# Provided data
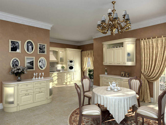 Витиеватые узоры с растительными элементами – отголоски Ренессанса, но в целом благодаря внутреннему наполнению и технологиям ваша новая кухня приобретет современное звучание.
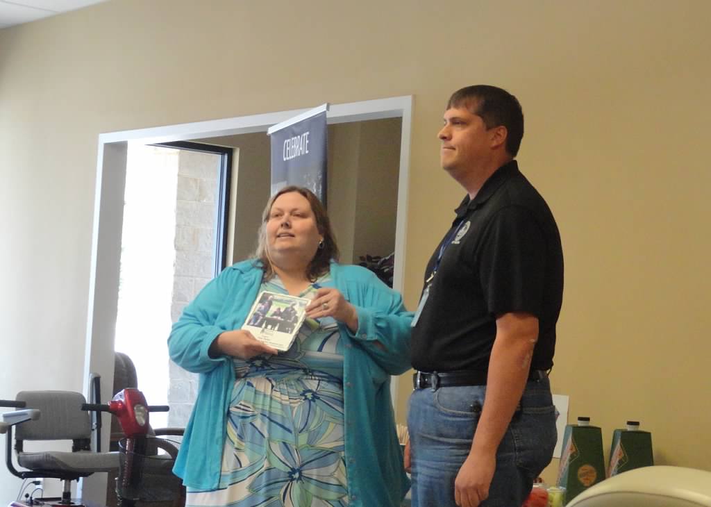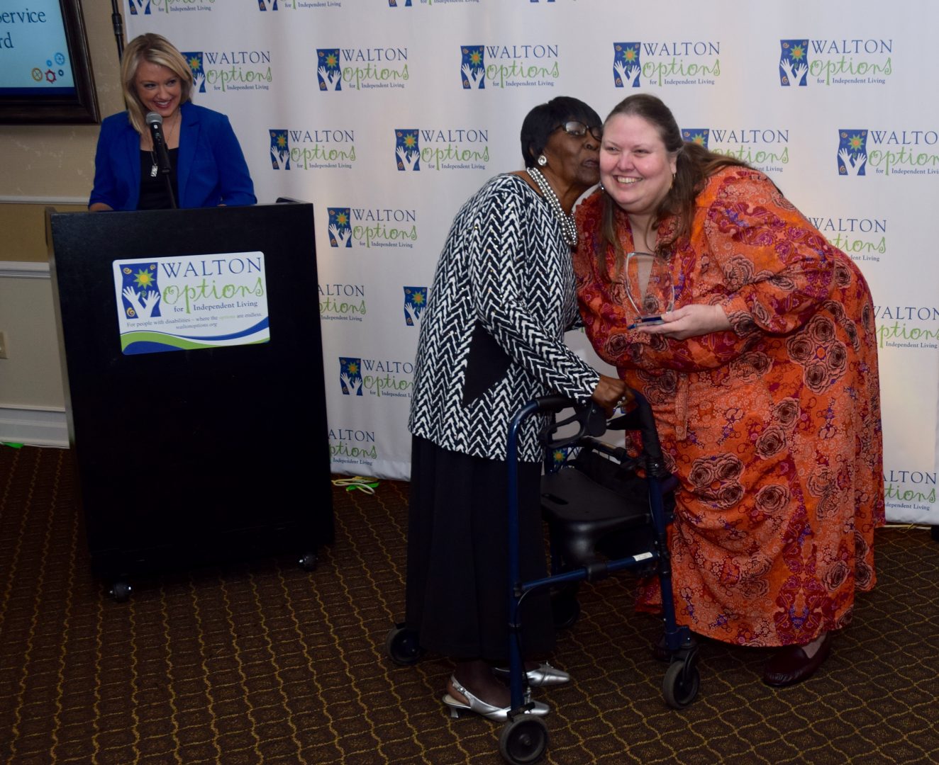 - Executive Director Tiffany Clifford presents Ms. Lura the Walton Options Dedicated Volunteer award.
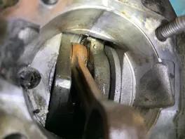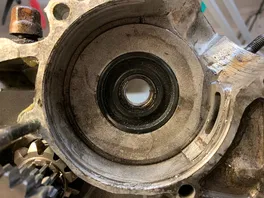 4) Am Einlass von dem Kurbelwellengehäuse (wo der ASS dran ist) waren Metallsplitter. Die Kurbelwelle hat sich hier nicht "weiter" drehen lassen und eckte hier an.
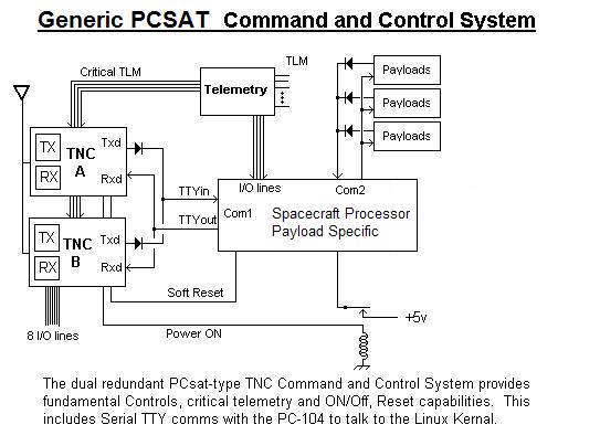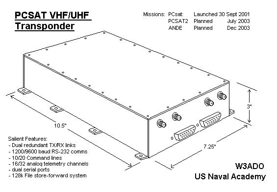 The PCsat type VHF/UHF transponder has proven to be a very reliable command and control link on PCsat and has been designed into our other ANDE and PCSAT2 projects. The following image describes a stand-alone packaged version of the PCSAT transponder. All it needs are the two VHF and UHF whip antennas.
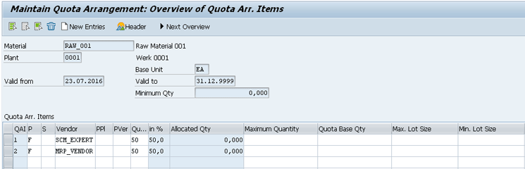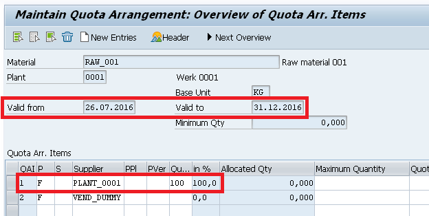 In this case, the quota arrangement can be used to replace the source list functionality and prioritize a certain source of supply over a specific period. As you can see in Figure 6, the quota arrangement has been used to allocate 100 percent of the quota to the supplier PLANT_0001 between 20.07.2016 and 31.12.2016.
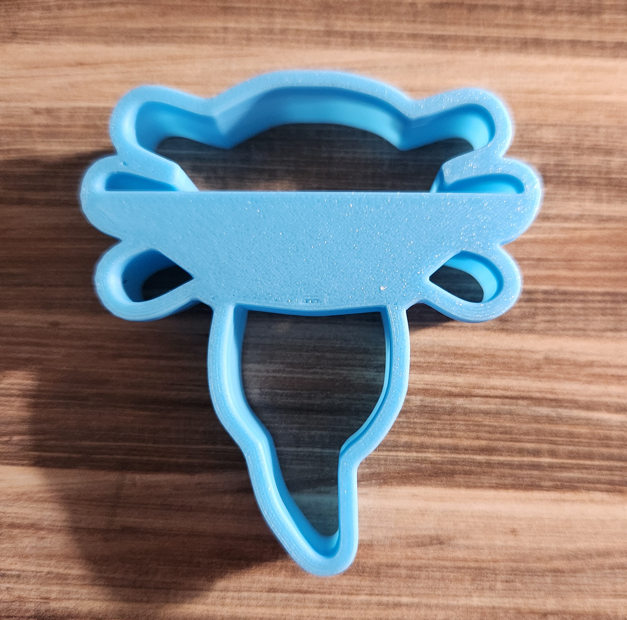 This 3D-printed Axolotl Cookie Cutter measures 3 inches in height and is perfect for baking, arts and crafts, and creative fun. Its adorable axolotl design makes it great for cookies, playdough, clay, fondant, and more. A fun and versatile tool for both kids and adults!
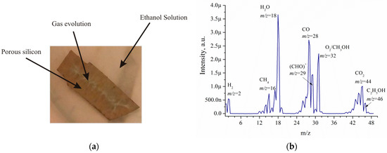 Figure 6a illustrates EEO. Intense gas evolution is observed from the functionalised metal-based silicon porous material immersed in ethanol solutions. Intense gas evolution gradually decreased. The gas evolution duration can be as long as several hours. The gas composition is shown in
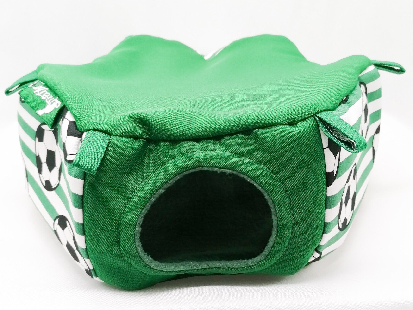 Zeskant huisje met 3 ingangen wit / groen gestreept met voetballen
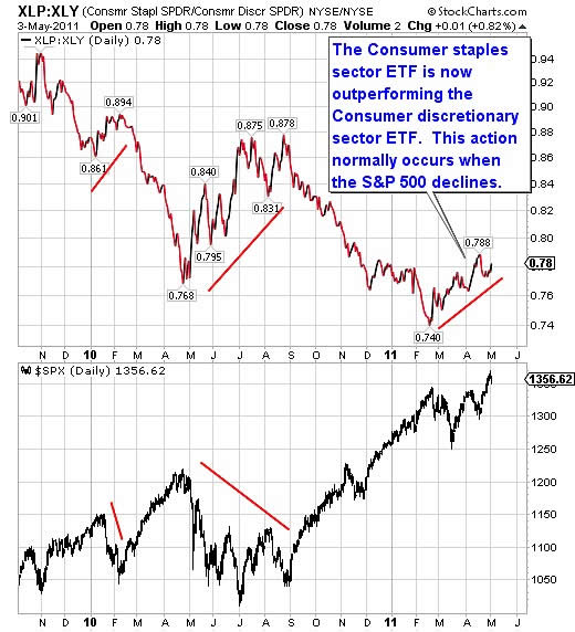 Over the past few years, this shift in buying pressure between these two consumer sectors has provided guidance to the short term movements of the broad-based S&P 500. As models are indicating that a low in the index is expected in June, the returning performance of the defensive staples sector over discretionaries adds some additional evidence to the anticipated pullback.
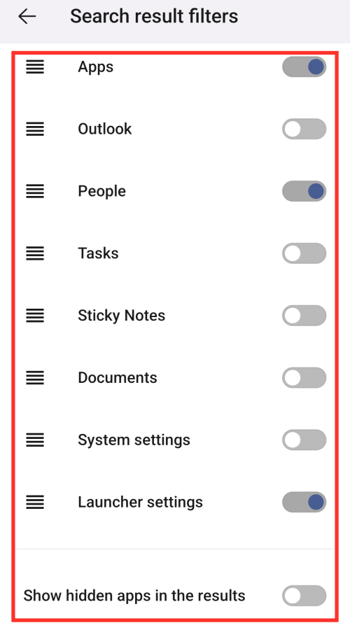 Step 9: Here, you can enable or disable “Apps,” “Outlook,” “People,” “Tasks,” “Sticky Notes,” “Documents,” “System settings,” and “Launcher settings.” You can also enable “Show hidden apps in the results” option.
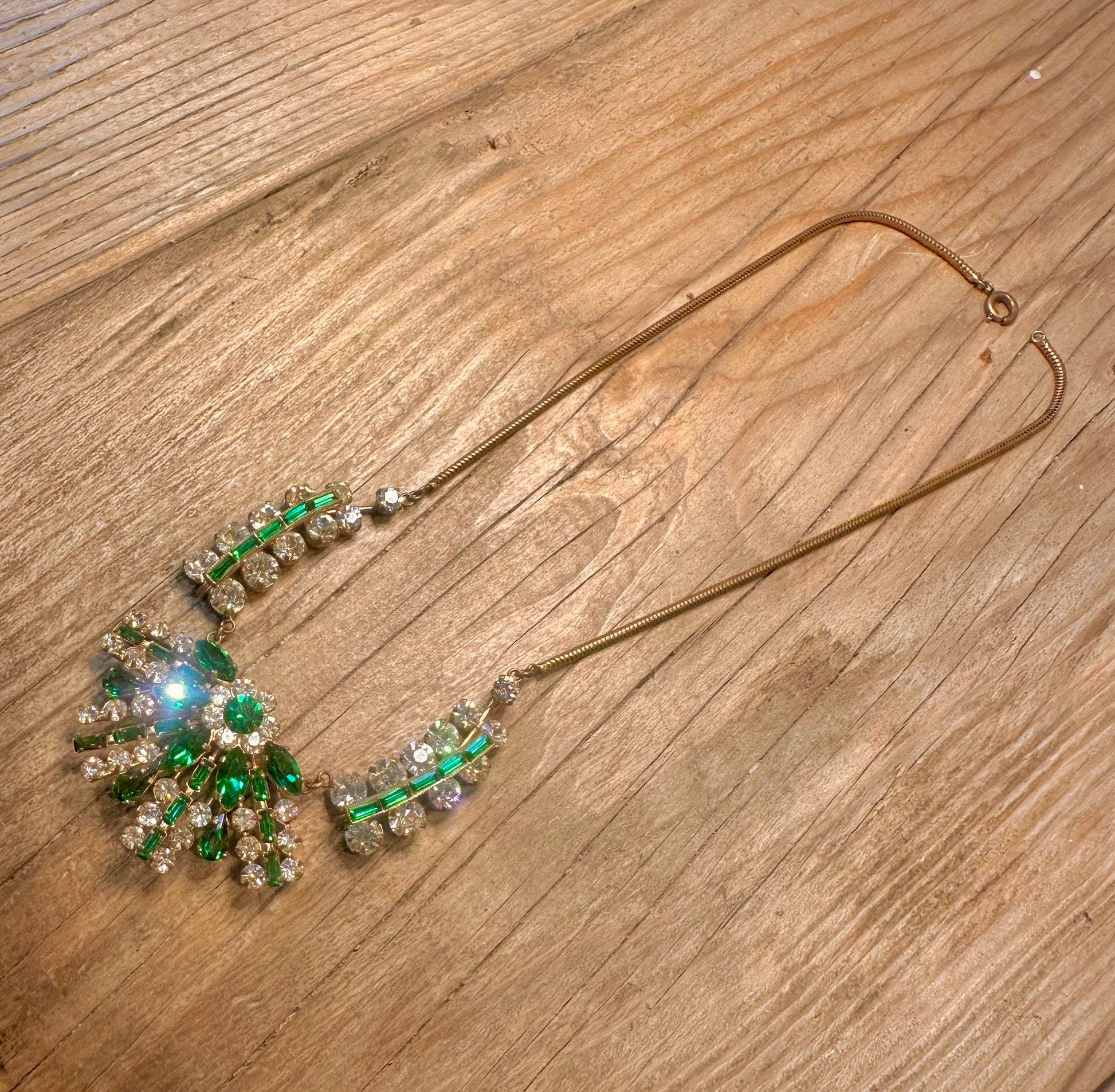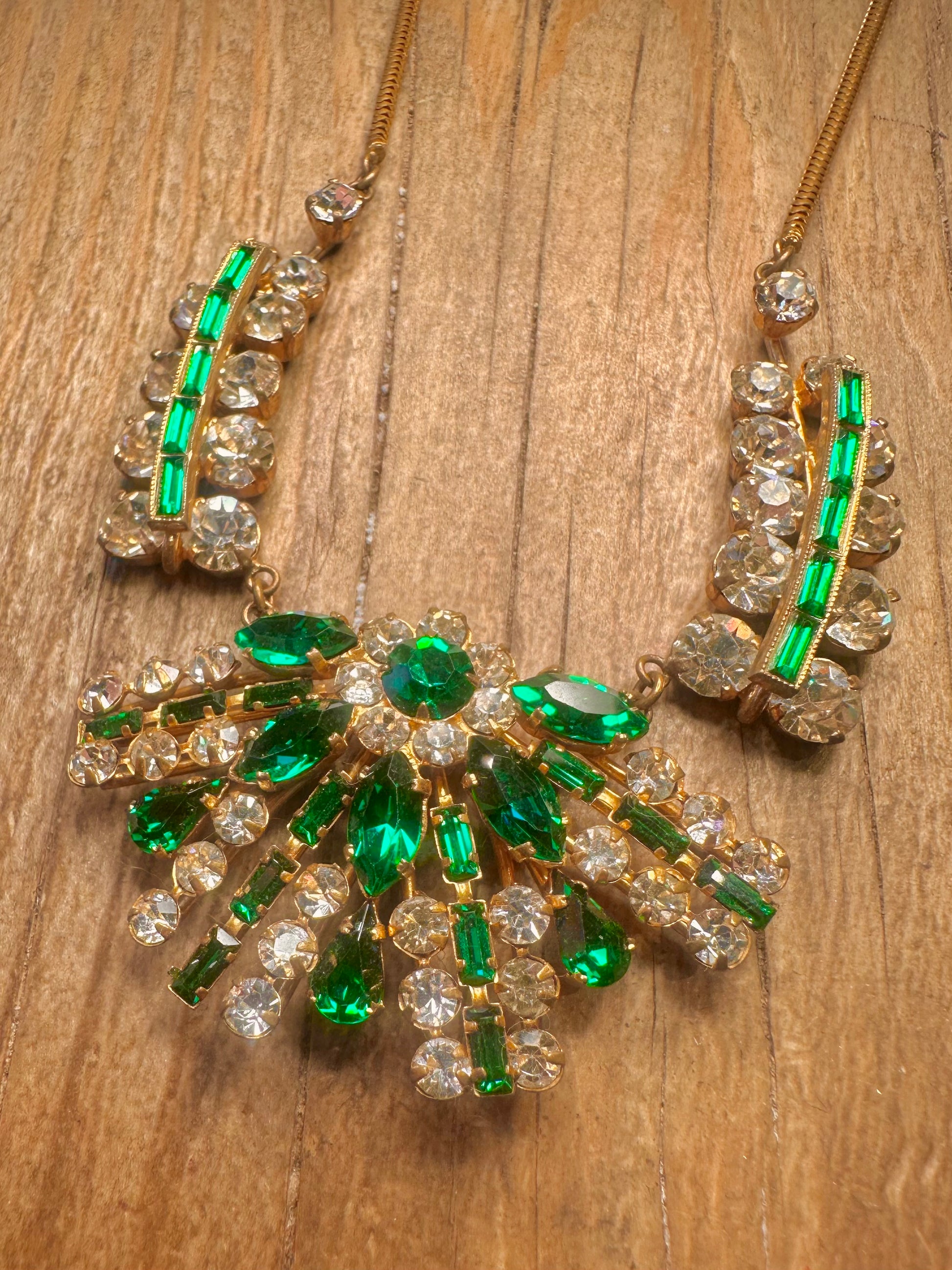 Vintage Art Deco Green and Clear Rhinestone Gold Tone 16 inch Costume Necklace
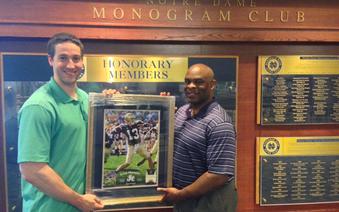 “I started working with the media here in Indiana after my playing days at Notre Dame and my producer (at WSBT Radio) set up an interview with Patrick,” explains Sharpley. “We messaged back and forth a couple of times, talked about shared football experiences at Notre Dame and he talked about what he does.
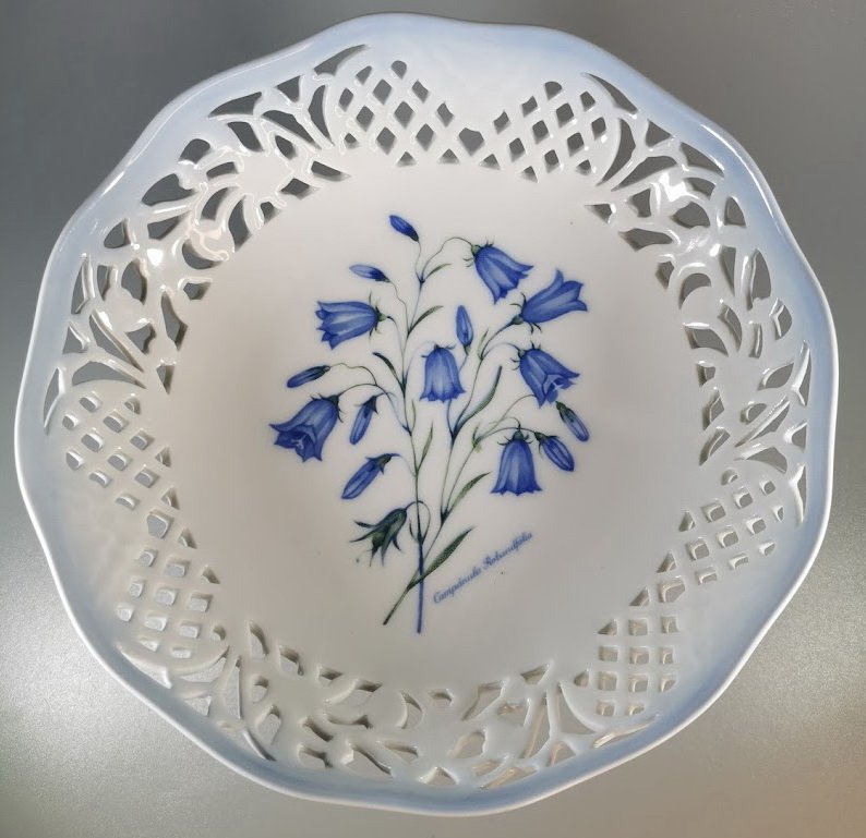Sausaininė, saldaininė porcelianinė, augaliniais motyvais (Campanula Rotundfolia, Apskritalapis katilėlis), Danija. Kaina 33

# About this task
Skip the pictures and copy exactly the lines from the one containing "Step 9: Here, you" through the end of the material, both ends included.

# Result
 Step 9: Here, you can enable or disable “Apps,” “Outlook,” “People,” “Tasks,” “Sticky Notes,” “Documents,” “System settings,” and “Launcher settings.” You can also enable “Show hidden apps in the results” option.
 Vintage Art Deco Green and Clear Rhinestone Gold Tone 16 inch Costume Necklace
 “I started working with the media here in Indiana after my playing days at Notre Dame and my producer (at WSBT Radio) set up an interview with Patrick,” explains Sharpley. “We messaged back and forth a couple of times, talked about shared football experiences at Notre Dame and he talked about what he does.
Sausaininė, saldaininė porcelianinė, augaliniais motyvais (Campanula Rotundfolia, Apskritalapis katilėlis), Danija. Kaina 33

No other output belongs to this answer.